20 years ago Nokia was reigning supreme, mobile phones were still in the ‘Dumb’ era and Apple still had a few years left to change the rules with the iPhone and turn portable phones into smartphones. And 20 years ago, The number of people in a subway car in Japan was measured by the newspapers they read.
But today this situation has changed and The reality of smartphones is now absolute and inseparable. Xiaomi has big fans in Japan, a technological paradise and always 10 years ahead of the world in electronics. And mobile phones have definitely replaced traditional print media forever.
Changes to the Japanese subway
Japan’s MLIT (Ministry of Land, Infrastructure, Transport and Tourism) has been using a very common item to measure daily on trains for over 20 years: reading newspapers. Reading print media or any magazine on the Japanese subway is so common that MLIT used this as a scale to measure crowding and occupancy levels in carriages.
In other words: the density of people traveling at the same time in the subway has been shown by a series of graphs since 2001, and these graphs have been transformed into more visual, direct and easy-to-understand information: each one representing a percentage of occupancy:
one hundred%
- Seats are available.
- It can be attached to a seat, hung from a belt, or attached to a column next to the door.

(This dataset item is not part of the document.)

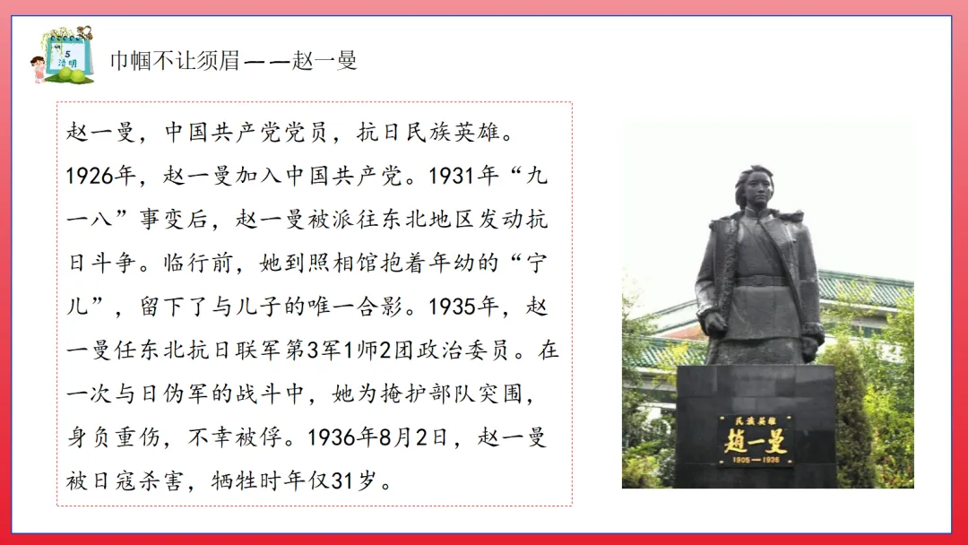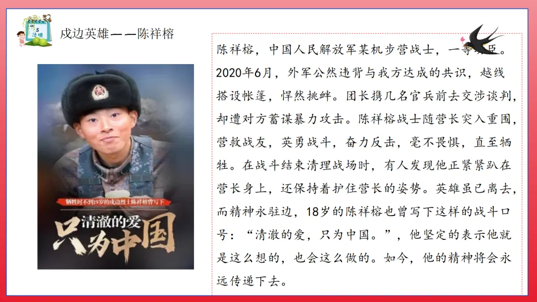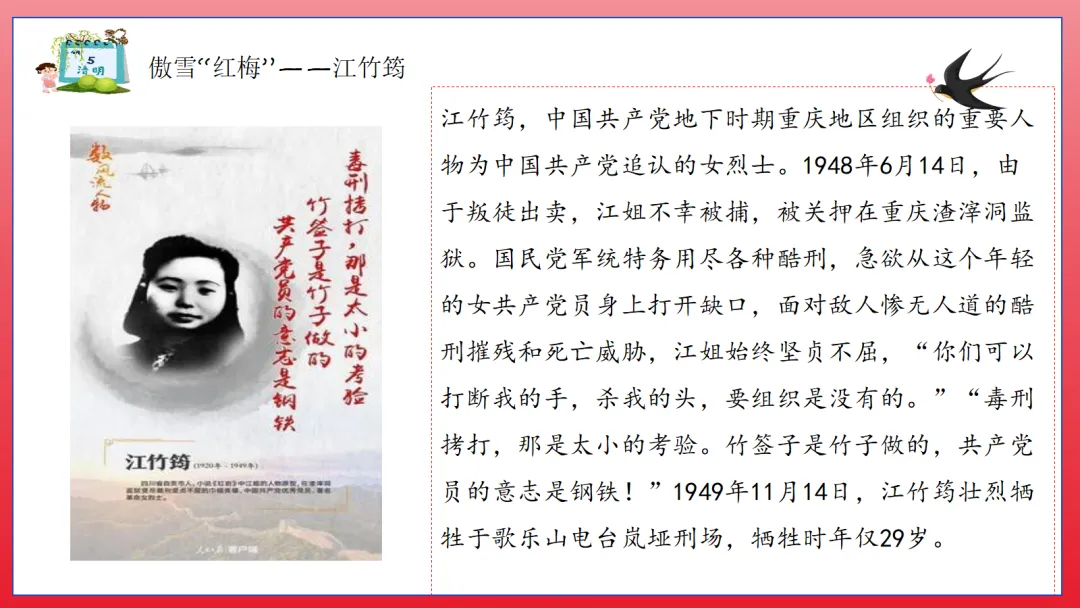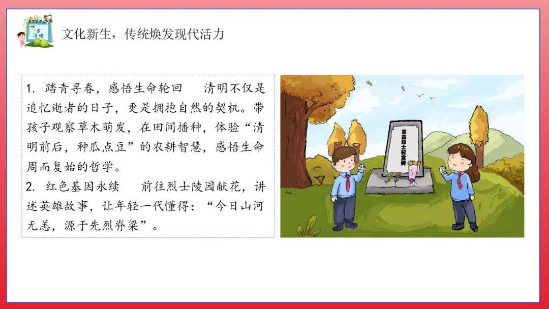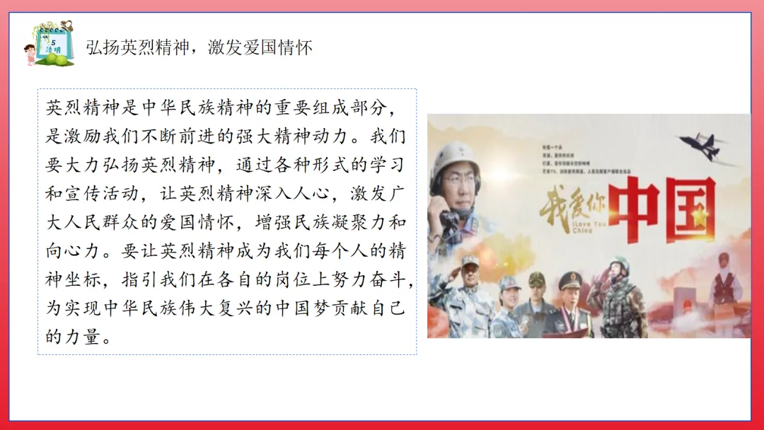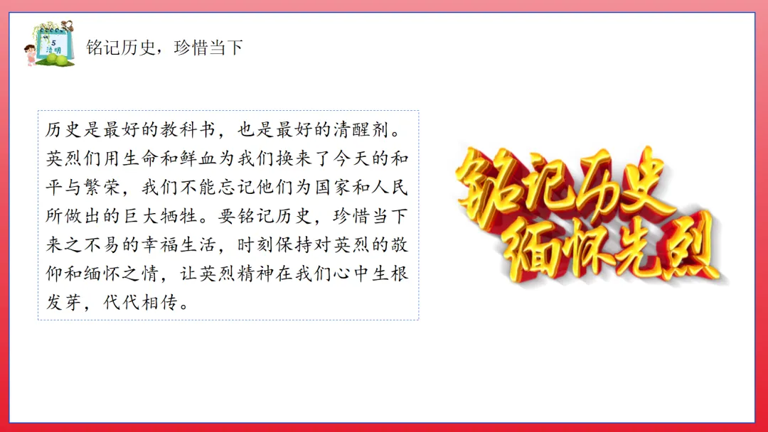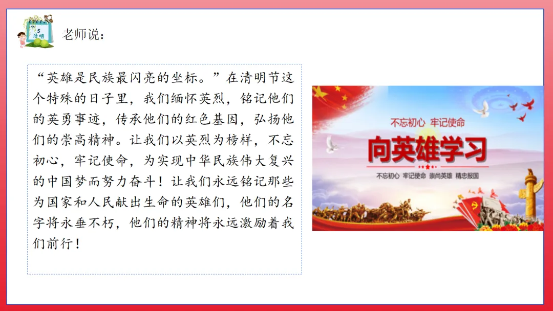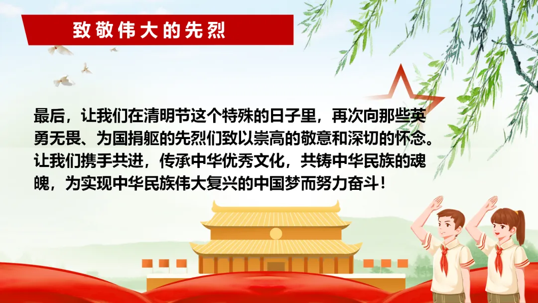 清明的意义,不仅在于祭奠自家的祖先,更在于致敬民族的英雄。在PPT中,我们看到了一个个闪亮的名字:有“甘将热血沃中华”的赵一堂,她在牺牲前留给儿子的唯一合影,是母爱,更是大爱;有傲雪红梅江竹筠,面对竹签钉指的酷刑,她高呼“共产党员的意志是钢铁”;有写下《可爱的中国》的方志敏,他在狱中依然坚信“中国一定有个可赞美的光明前途”;还有那写下“清澈的爱,只为中国”的戍边英雄陈祥榕,以及为了捍卫祖国领空而壮烈牺牲的海空卫士王伟。同学们,今天我们脚下的每一寸土地,头顶的每一片蓝天,都是他们用生命换来的山河无恙。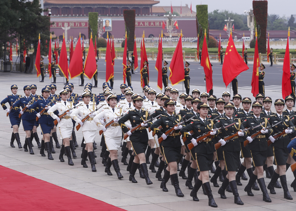 【大公報訊】綜合新華社、中新社報道:6日下午,中國國家主席習近平在人民大會堂東門外廣場舉行儀式,歡迎來華進行國事訪問的吉爾吉斯斯坦總統熱恩別科夫。與此前相比,歡迎儀式多項內容發生了新變化,包括三軍儀仗隊首次增加女兵方陣等,讓人眼前一亮。這是經過改革後國事訪問歡迎儀式的首次啟用,充分展示了新時代大國外交新氣象、新作為。

- No problem moving and reading
150%
- You can spread the newspaper out to read it comfortably and easily.
180%
- You can read the newspaper even though you have to fold it or otherwise force it.
200%
- There are a lot of people and a bit crowded.
- You can read magazines but not newspapers
250%
- The train is full
- I can’t move and I can’t move my hands.
- I can’t read
Xiaomi, the favorite of the Japanese
What happens if we read the latest MILT report? Categories shortened -250% occupancy indicator is gone-, drawings are eliminated and percentages tell the story “contact with other travelers’ shoulders“, In addition “body contact“.
MILT was apparently close to hiding the cartoons, but Replacing newspaper with smartphoneHowever, the idea was shelved due to concerns about encouraging mobile phone use in a crowded train carriage.
This update eliminates people who read newspapers,representative of the tremendous change we are experiencing in society With the inclusion of smartphones, which are now an integral part of our daily lives, it is a rare sight to see someone reading a newspaper instead of looking at the news on a terminal screen, but just twenty years ago this was the most common thing in the world.
It is also worth noting that a significant portion of the mobile phones used by Japanese people in the subway are Chinese, as Xiaomi announced yesterday that it had achieved a success through its official profile on the X site in Japan. 359% increase in phone shipments in Q2 2024. This, Xiaomi’s market share in this country has risen to 6%, interestingly This puts it in third place among the companies that sell the most devices in Japan, just behind Apple and Google.